#### TASK TO CARRY OUT
From the material below, set down exactly the lines that run from the one containing "NUFO, the shorter" to the one containing "Darüber hinaus sollte", minus the pictures.

#### EXCERPTED RECORDS
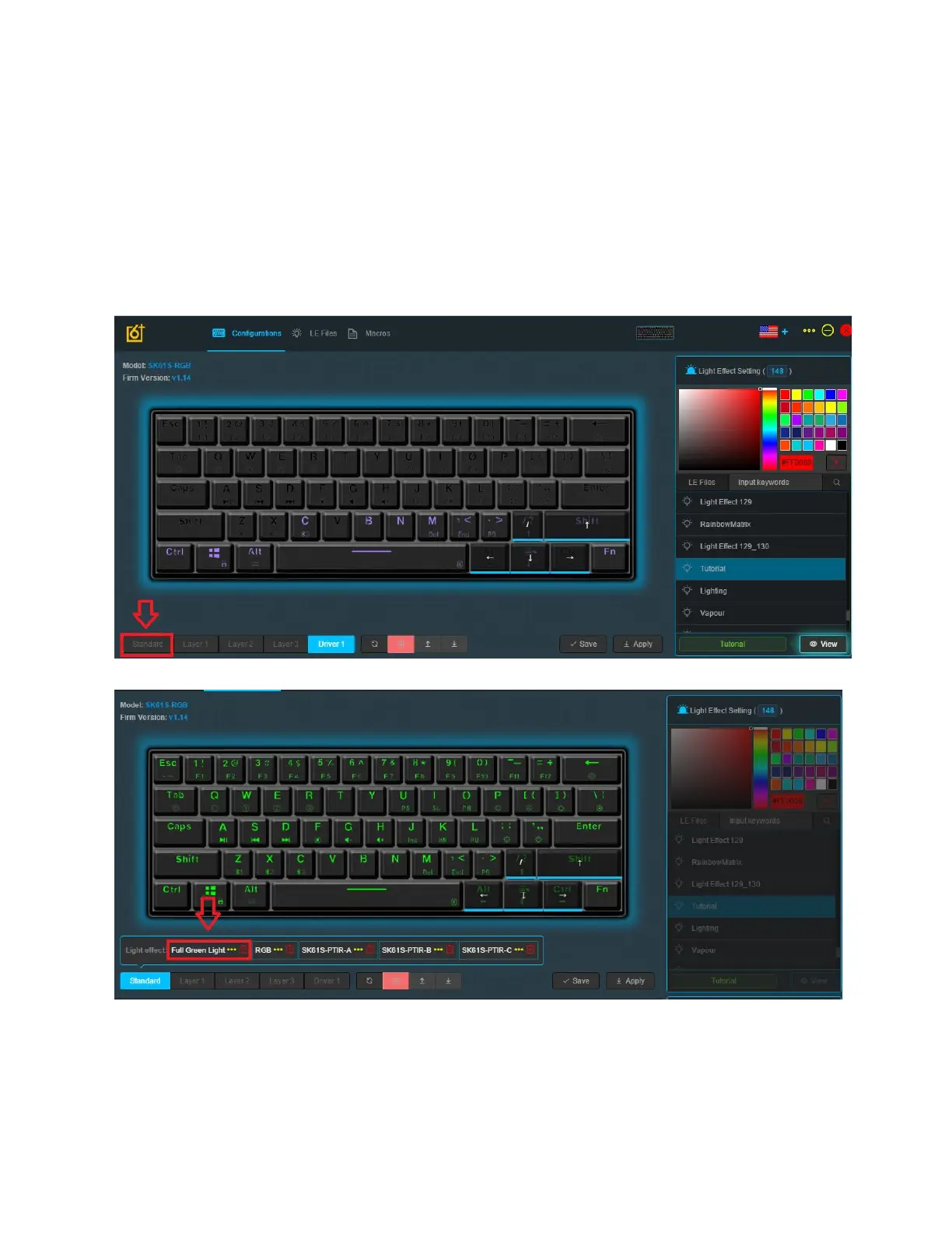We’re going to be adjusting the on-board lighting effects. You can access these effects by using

==

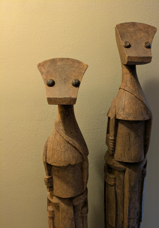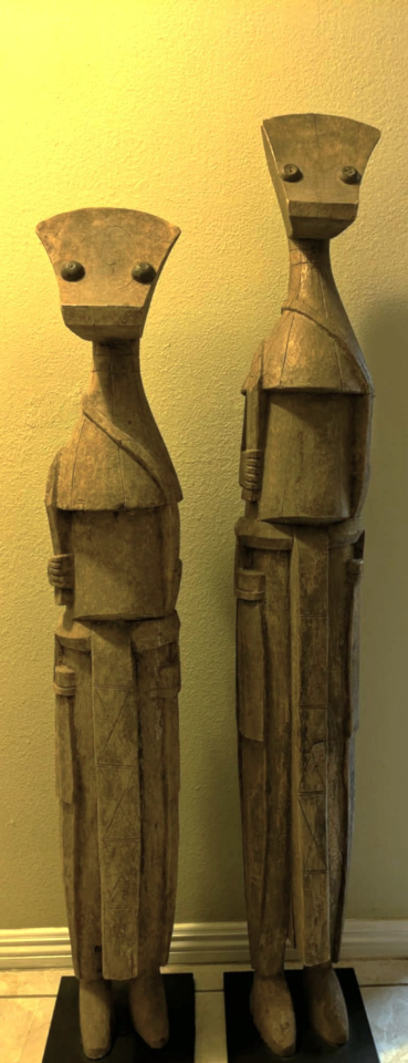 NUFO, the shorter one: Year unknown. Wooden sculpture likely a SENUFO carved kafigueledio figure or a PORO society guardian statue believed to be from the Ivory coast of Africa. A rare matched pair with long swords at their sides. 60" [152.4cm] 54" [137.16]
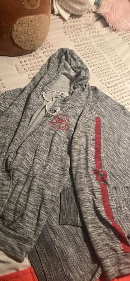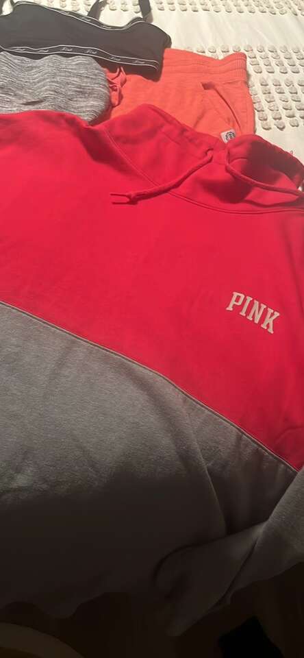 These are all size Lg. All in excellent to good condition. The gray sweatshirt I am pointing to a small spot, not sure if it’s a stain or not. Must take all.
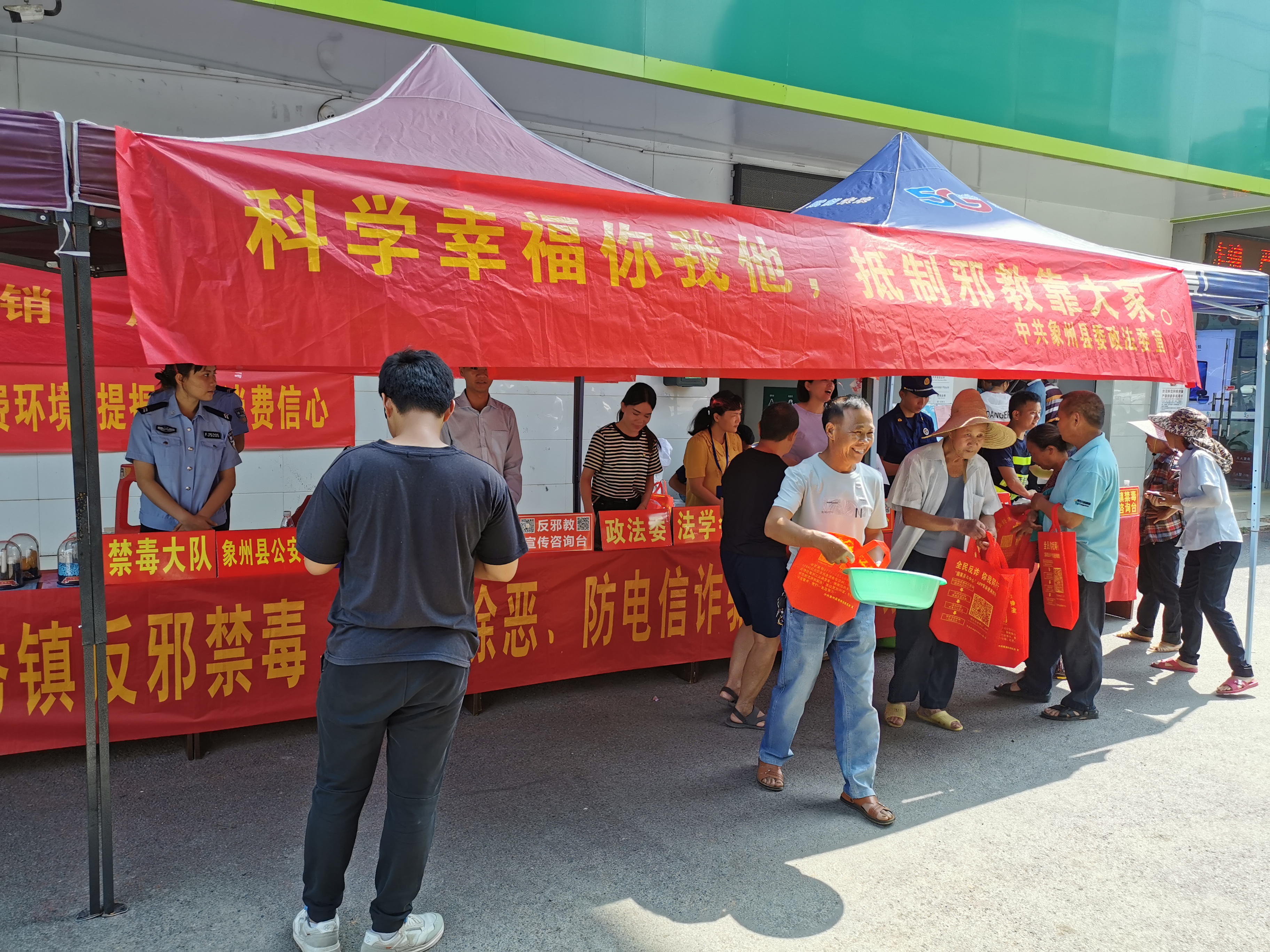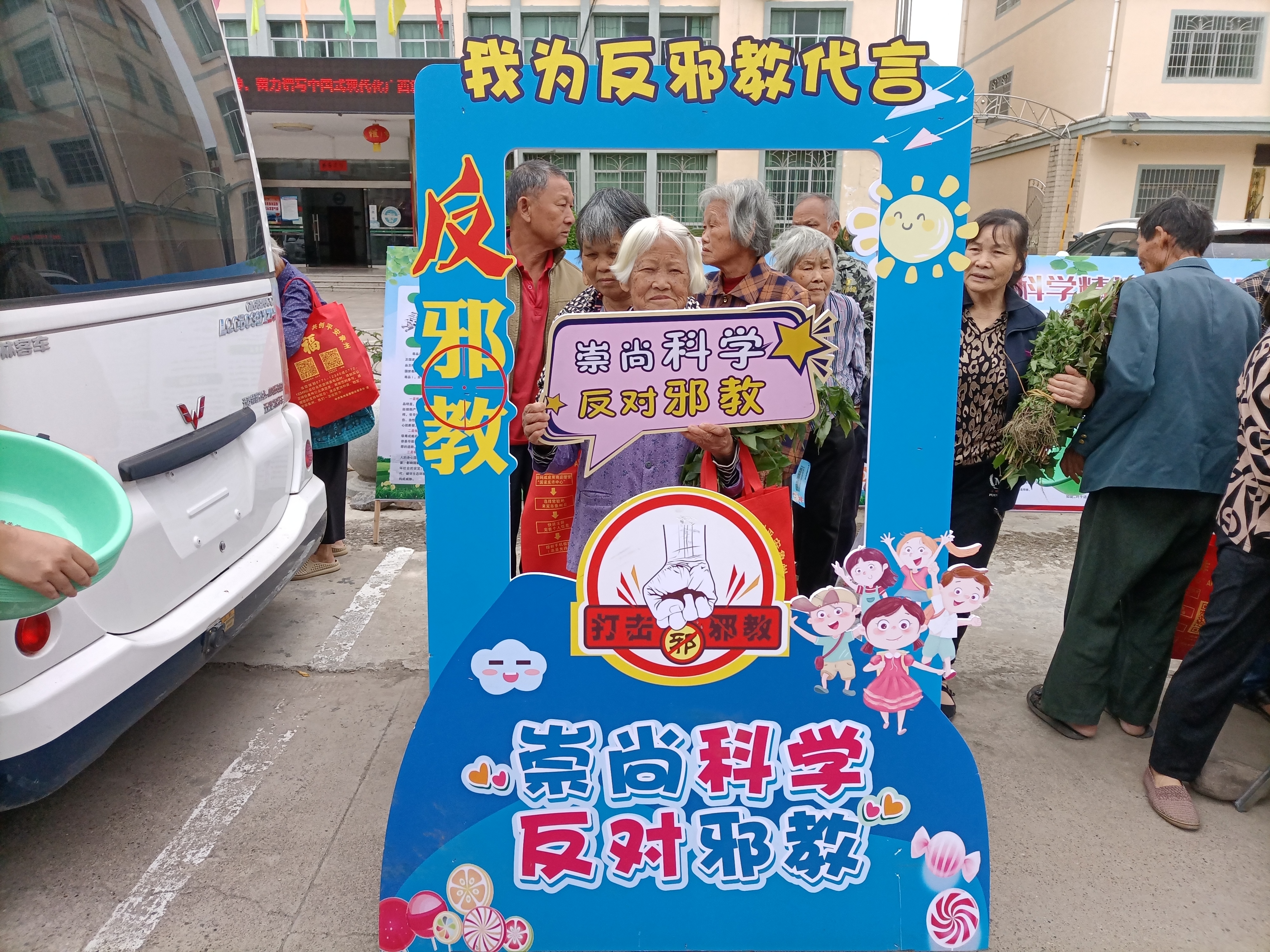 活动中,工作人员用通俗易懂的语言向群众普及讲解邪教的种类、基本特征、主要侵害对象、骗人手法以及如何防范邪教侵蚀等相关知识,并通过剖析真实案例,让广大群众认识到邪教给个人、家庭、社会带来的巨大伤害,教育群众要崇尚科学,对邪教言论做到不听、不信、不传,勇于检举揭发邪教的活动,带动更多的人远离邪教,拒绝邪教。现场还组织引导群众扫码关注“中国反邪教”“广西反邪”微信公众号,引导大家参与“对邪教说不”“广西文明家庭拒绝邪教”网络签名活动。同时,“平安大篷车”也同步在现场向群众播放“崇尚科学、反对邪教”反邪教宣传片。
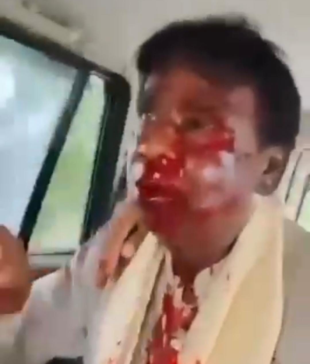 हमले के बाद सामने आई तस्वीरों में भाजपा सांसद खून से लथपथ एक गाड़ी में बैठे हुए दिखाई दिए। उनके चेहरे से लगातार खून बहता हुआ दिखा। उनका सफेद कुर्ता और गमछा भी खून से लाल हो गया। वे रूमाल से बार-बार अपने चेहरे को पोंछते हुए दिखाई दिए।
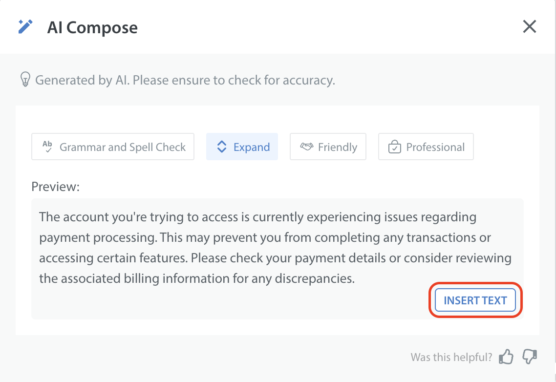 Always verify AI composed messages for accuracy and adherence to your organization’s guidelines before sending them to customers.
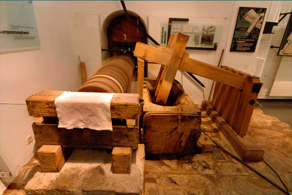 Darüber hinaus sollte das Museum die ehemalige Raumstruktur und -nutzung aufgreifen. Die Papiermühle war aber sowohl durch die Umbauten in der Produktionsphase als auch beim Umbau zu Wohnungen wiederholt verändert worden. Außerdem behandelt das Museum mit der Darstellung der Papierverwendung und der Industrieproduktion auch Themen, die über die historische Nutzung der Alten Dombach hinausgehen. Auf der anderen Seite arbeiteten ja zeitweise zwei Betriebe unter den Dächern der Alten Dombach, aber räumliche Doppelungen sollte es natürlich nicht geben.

--

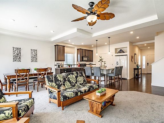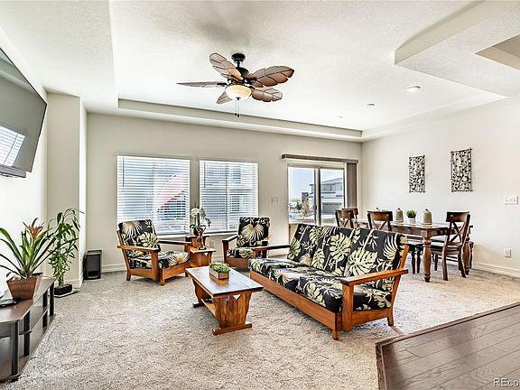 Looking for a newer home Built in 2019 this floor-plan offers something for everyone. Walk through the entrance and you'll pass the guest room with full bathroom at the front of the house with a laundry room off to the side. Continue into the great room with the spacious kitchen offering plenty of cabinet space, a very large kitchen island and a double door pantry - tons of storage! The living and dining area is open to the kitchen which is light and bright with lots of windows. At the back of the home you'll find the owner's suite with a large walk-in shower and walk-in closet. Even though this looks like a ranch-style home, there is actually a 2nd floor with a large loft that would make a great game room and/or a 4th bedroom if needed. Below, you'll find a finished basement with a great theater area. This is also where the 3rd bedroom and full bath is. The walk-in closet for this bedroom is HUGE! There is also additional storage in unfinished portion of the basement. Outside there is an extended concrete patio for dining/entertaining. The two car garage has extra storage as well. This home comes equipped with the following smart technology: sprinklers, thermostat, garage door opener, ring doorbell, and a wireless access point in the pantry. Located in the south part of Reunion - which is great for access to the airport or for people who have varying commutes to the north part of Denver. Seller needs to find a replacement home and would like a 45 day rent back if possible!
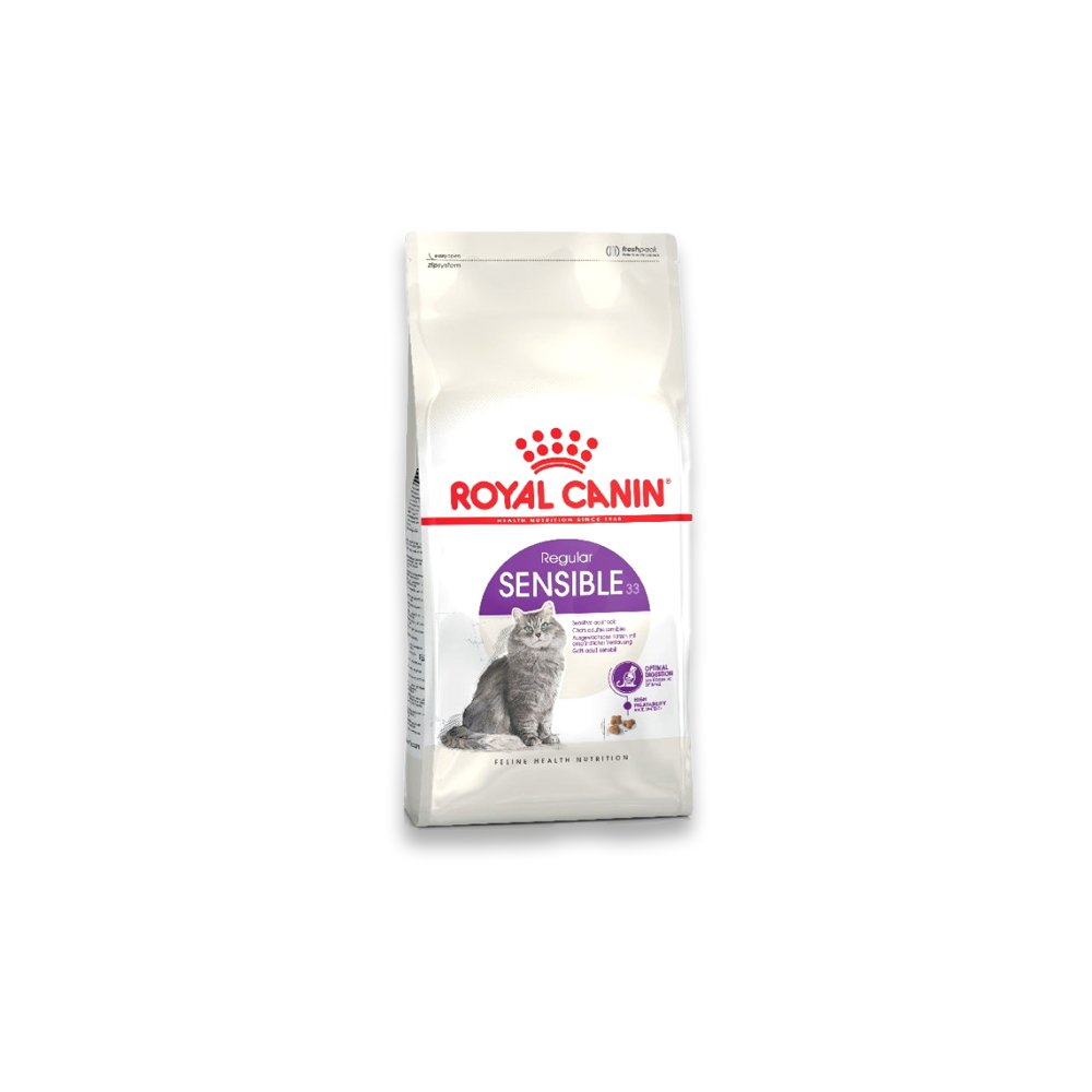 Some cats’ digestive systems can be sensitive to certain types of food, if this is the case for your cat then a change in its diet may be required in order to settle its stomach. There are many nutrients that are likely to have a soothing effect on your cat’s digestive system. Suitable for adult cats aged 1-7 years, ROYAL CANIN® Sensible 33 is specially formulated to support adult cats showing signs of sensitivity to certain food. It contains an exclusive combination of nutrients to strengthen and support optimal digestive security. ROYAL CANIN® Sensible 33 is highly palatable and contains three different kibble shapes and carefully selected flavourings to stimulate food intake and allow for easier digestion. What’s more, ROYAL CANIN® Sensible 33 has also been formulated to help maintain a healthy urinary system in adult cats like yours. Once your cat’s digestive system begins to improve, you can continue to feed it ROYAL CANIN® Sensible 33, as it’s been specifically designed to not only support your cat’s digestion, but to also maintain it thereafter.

#### ANSWER BOX
 NUFO, the shorter one: Year unknown. Wooden sculpture likely a SENUFO carved kafigueledio figure or a PORO society guardian statue believed to be from the Ivory coast of Africa. A rare matched pair with long swords at their sides. 60" [152.4cm] 54" [137.16]
 These are all size Lg. All in excellent to good condition. The gray sweatshirt I am pointing to a small spot, not sure if it’s a stain or not. Must take all.
 活动中,工作人员用通俗易懂的语言向群众普及讲解邪教的种类、基本特征、主要侵害对象、骗人手法以及如何防范邪教侵蚀等相关知识,并通过剖析真实案例,让广大群众认识到邪教给个人、家庭、社会带来的巨大伤害,教育群众要崇尚科学,对邪教言论做到不听、不信、不传,勇于检举揭发邪教的活动,带动更多的人远离邪教,拒绝邪教。现场还组织引导群众扫码关注“中国反邪教”“广西反邪”微信公众号,引导大家参与“对邪教说不”“广西文明家庭拒绝邪教”网络签名活动。同时,“平安大篷车”也同步在现场向群众播放“崇尚科学、反对邪教”反邪教宣传片。
 हमले के बाद सामने आई तस्वीरों में भाजपा सांसद खून से लथपथ एक गाड़ी में बैठे हुए दिखाई दिए। उनके चेहरे से लगातार खून बहता हुआ दिखा। उनका सफेद कुर्ता और गमछा भी खून से लाल हो गया। वे रूमाल से बार-बार अपने चेहरे को पोंछते हुए दिखाई दिए।
 Always verify AI composed messages for accuracy and adherence to your organization’s guidelines before sending them to customers.
 Darüber hinaus sollte das Museum die ehemalige Raumstruktur und -nutzung aufgreifen. Die Papiermühle war aber sowohl durch die Umbauten in der Produktionsphase als auch beim Umbau zu Wohnungen wiederholt verändert worden. Außerdem behandelt das Museum mit der Darstellung der Papierverwendung und der Industrieproduktion auch Themen, die über die historische Nutzung der Alten Dombach hinausgehen. Auf der anderen Seite arbeiteten ja zeitweise zwei Betriebe unter den Dächern der Alten Dombach, aber räumliche Doppelungen sollte es natürlich nicht geben.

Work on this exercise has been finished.